Ok, so how is this useful you may wonder. We need to convert the body of a function not just its signature. Well, here's where another great Python module comes into action, namely dis, which returns the bytecode of a Python function. For example, when called with plus as argument, dis get us:
1 0 LOAD_FAST 0 (i)
3 LOAD_FAST 1 (j)
6 BINARY_ADD
7 RETURN_VALUE

I won't go into details here, but it fairly easy to translate this bytecode sequence into C++ code. I've written a translator that supports only a few bytecodes (LOAD_FAST, LOAD_CONST, STORE_FAST, BINARY_ADD, BINARY_MULTIPLY, and RETURN_VALUE) and with limited support for types. On the other hand, I only spent a few hours on it. That's the "minimal effort" I was talking about earlier. :) The following Python code is small example of what the translator currently supports:
def testing(i: int, j: str) -> int:
__text = "hello"
__dog = 9.9
__donald = i
__goofy = dog
__donald = donald + 100
__daisy = donald * 4 + donald
__return daisy * 223

And this is the corresponding C++ code:
int testing(int i, str j) {
__str text = "hello";
__float dog = 9.9;
__int donald = i;
__float goofy = dog;
__donald = (donald + 100);
__int daisy = ((donald * 4) + donald);
__return (daisy * 223);
}

As you can see in this example, the C++ code matches the Python code quite well. Also, note that local variables are declared and typed automatically. Awesome! The best part is that the whole translator is only 100 lines of Python! Of course it doesn't support all bytecodes and does not have proper type inference but it definitely works as a proof-of-concept.

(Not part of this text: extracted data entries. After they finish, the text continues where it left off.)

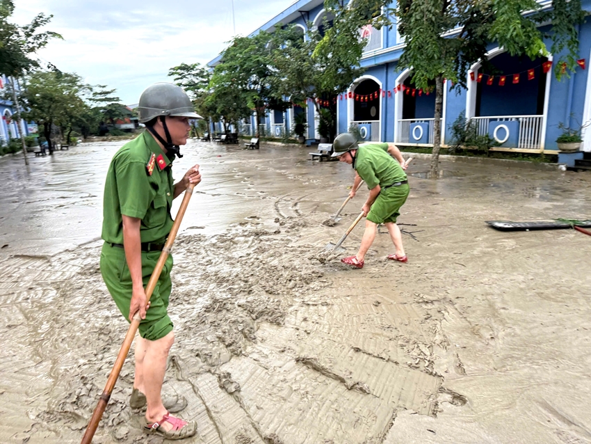 Lực lượng công an hỗ trợ dọn lũ ở Trường Tiểu học Dương Nỗ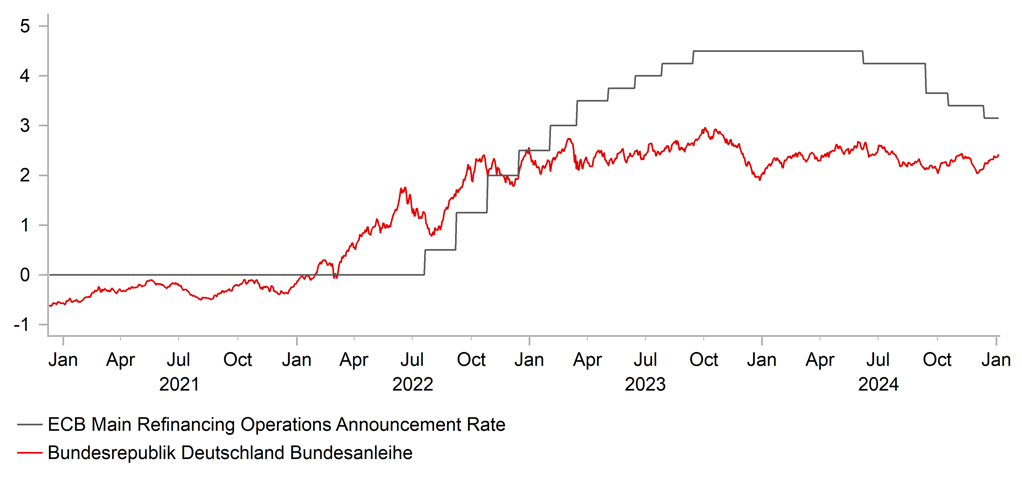The 10-year bund yield increased in 2024, by 35bps to close at 2.37%. On a closing basis, the range for the 10-year bund yield was 2.02% to 2.69% so the closing level was close to the mid-point of the range for the year as a whole. The move higher in the 10-year bund yield last year was more subdued than in the US or UK with weaker economic growth and more subdued inflation depressing the move higher. The ECB was more active than the BoE in cutting rates and for this year market pricing indicates more cuts by the ECB than the Fed. Economic growth has been undermined by the lack of political leadership at the heart of the euro-zone with Germany in political gridlock and France political uncertainty high after elections last summer. We expect annual CPI to stabilise at around the 2% target level this year and for the ECB to ease further with the policy rate set to fall to 2.00%. The OIS is therefore a little over-priced for rate cuts which should mean we see some upward pressure on yields at the short-end of the curve later in the year. Given out UST bond yield forecasts we see scope for a moderate move higher in 10-year bund yields.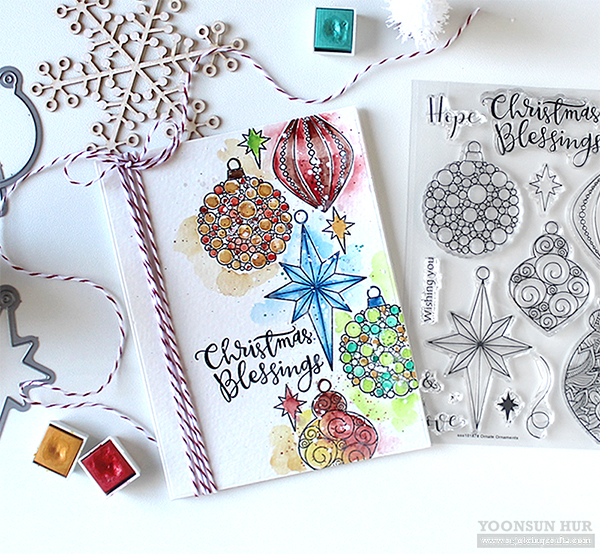 Here is another card with the Ornate Ornaments stamp set. I stamped all images using VersaFine Onyx Black first, and then watercoloured them with Altenew Watercolor 36 Pan Set.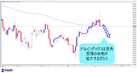 リンクするように、ドルインデックスは逆のパターンを示し、目先反落の余地が拡大するだろう。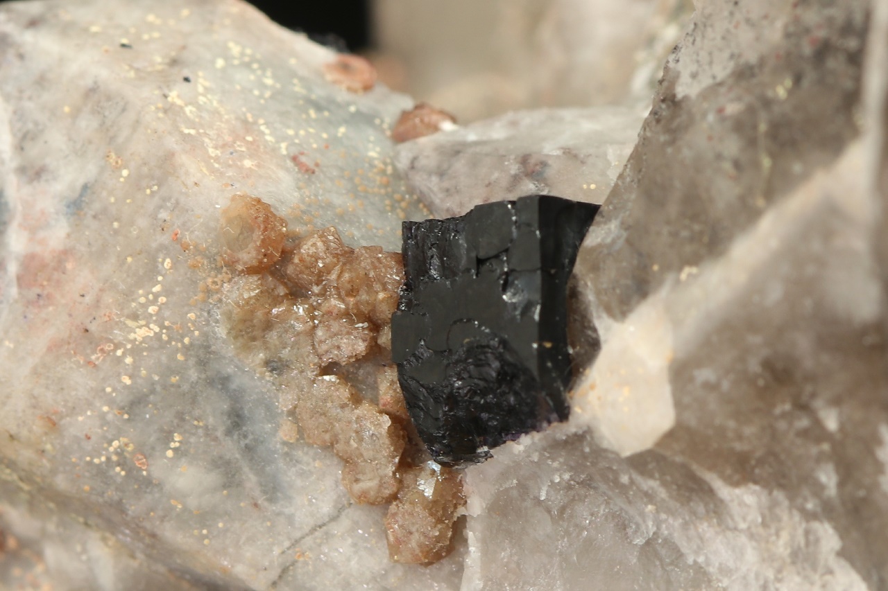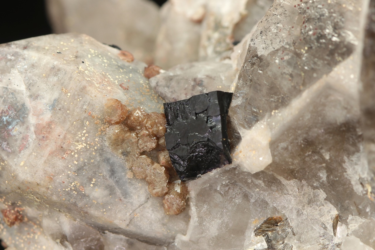 Dark purple Fluorite crystal with beige Scheelite grown on Quartz. The size of the Fluorite is 6 mm.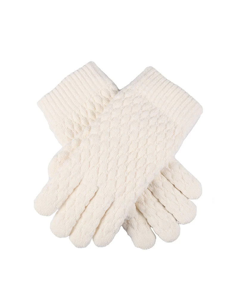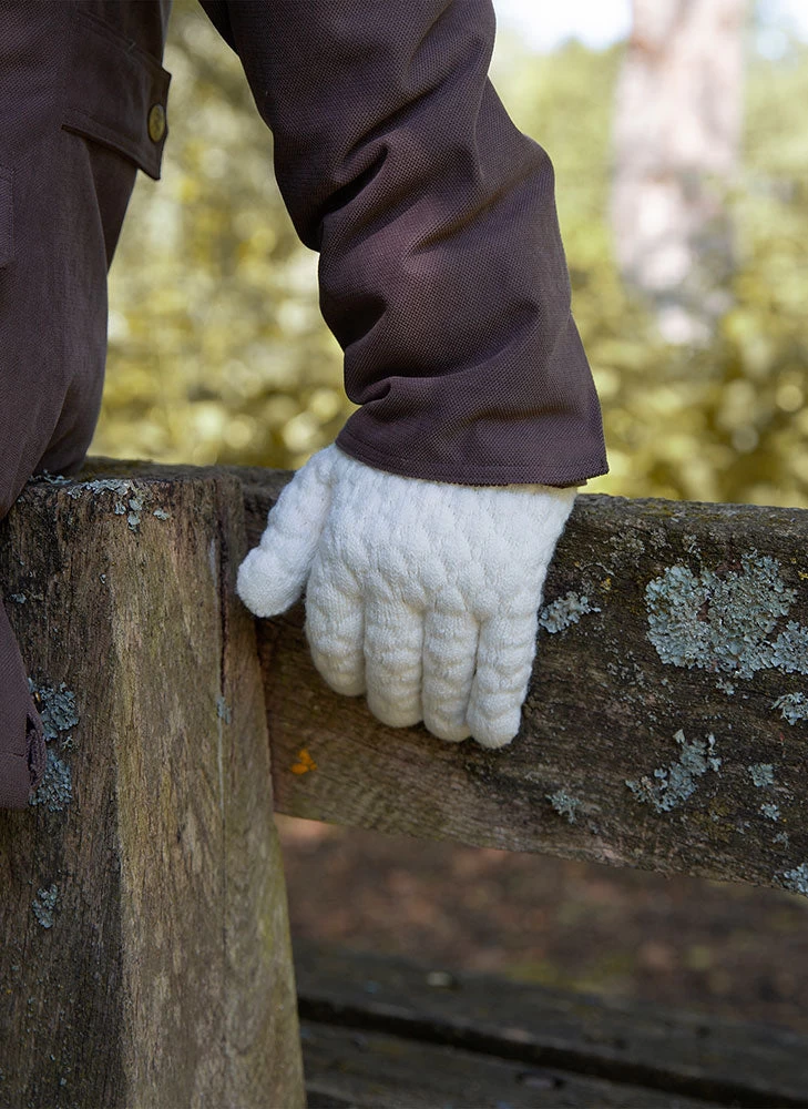 Our bubble texture knit glove is perfect for snowy winter days. They are lined with a soft feather yarn and finished with a ribbed cuff.

As I said, I only spent a few hours on the translator.

So, assuming this translator ever gets finished, what could it be used for? Anything, I would say. As a general purpose compiled language just like C++ or Java (if you consider that compiled), or as a replacement for normal Python when performance or memory consumption is an issue. I also find it really neat that you have an interpreted language and a compiled language in one; the same language can be used to hack together a small prototype and to write a large well-specified application. In other words, you can stay in the same language and simply "refactor" your hacky prototype into a not-so-hacky application. I find this a very attractive idea.